# how to get holo holo card?



## elaine (Jul 9, 2012)

how/where do I get a holo holo card for the big island? tx, elaine


----------



## Luanne (Jul 9, 2012)

I've never heard of this.  When I googled all I could find was an old TUG thread talking about different discounts for Hawaii.


----------



## elaine (Jul 9, 2012)

I just booked our luau at the Marriott Waikoloa and the lady said we get a discount with the Holo card. She even spelled it for me.


----------



## Luanne (Jul 9, 2012)

Maybe you should ask her where to get one.


----------



## SmithOp (Jul 10, 2012)

elaine said:


> how/where do I get a holo holo card for the big island? tx, elaine



HGVC gives out holo holo cards when you attend owners update or presentation, discounts on a long list of activities.
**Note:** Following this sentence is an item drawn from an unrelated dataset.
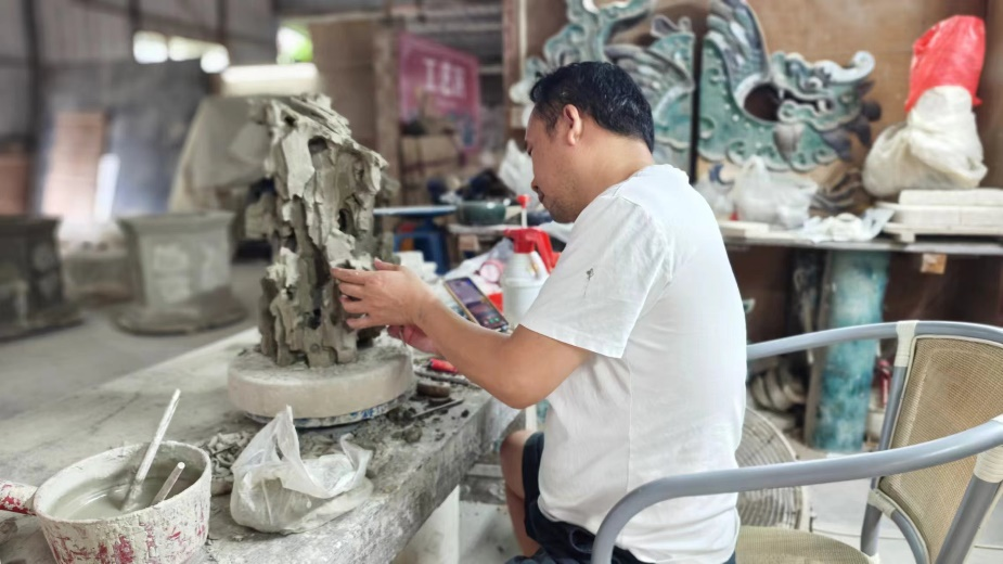 5、手工拼装区,师傅们将各个部件巧妙地拼接在一起,让陶塑逐渐展现出完整的形态。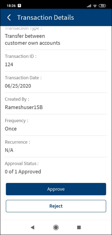 View the list of transactions pending for your approval or rejection. Transactions are seen here because you were set as an approver in the approval matrix for the account, feature, and transaction value. If there are no pending transactions that require your approval, then the application displays an appropriate message.

I found this PDF of a flyer for it.

http://www.hidili.com/thisWeekPublications/twQueensMarketplace/006/pdf/Queens Marketplace 21.pdf


----------



## philemer (Jul 20, 2012)

SmithOp said:


> HGVC gives out holo holo cards when you attend owners update or presentation, discounts on a long list of activities.
> 
> I found this PDF of a flyer for it.
> 
> http://www.hidili.com/thisWeekPublications/twQueensMarketplace/006/pdf/Queens Marketplace 21.pdf



OMG, not another t/s presentation!!


----------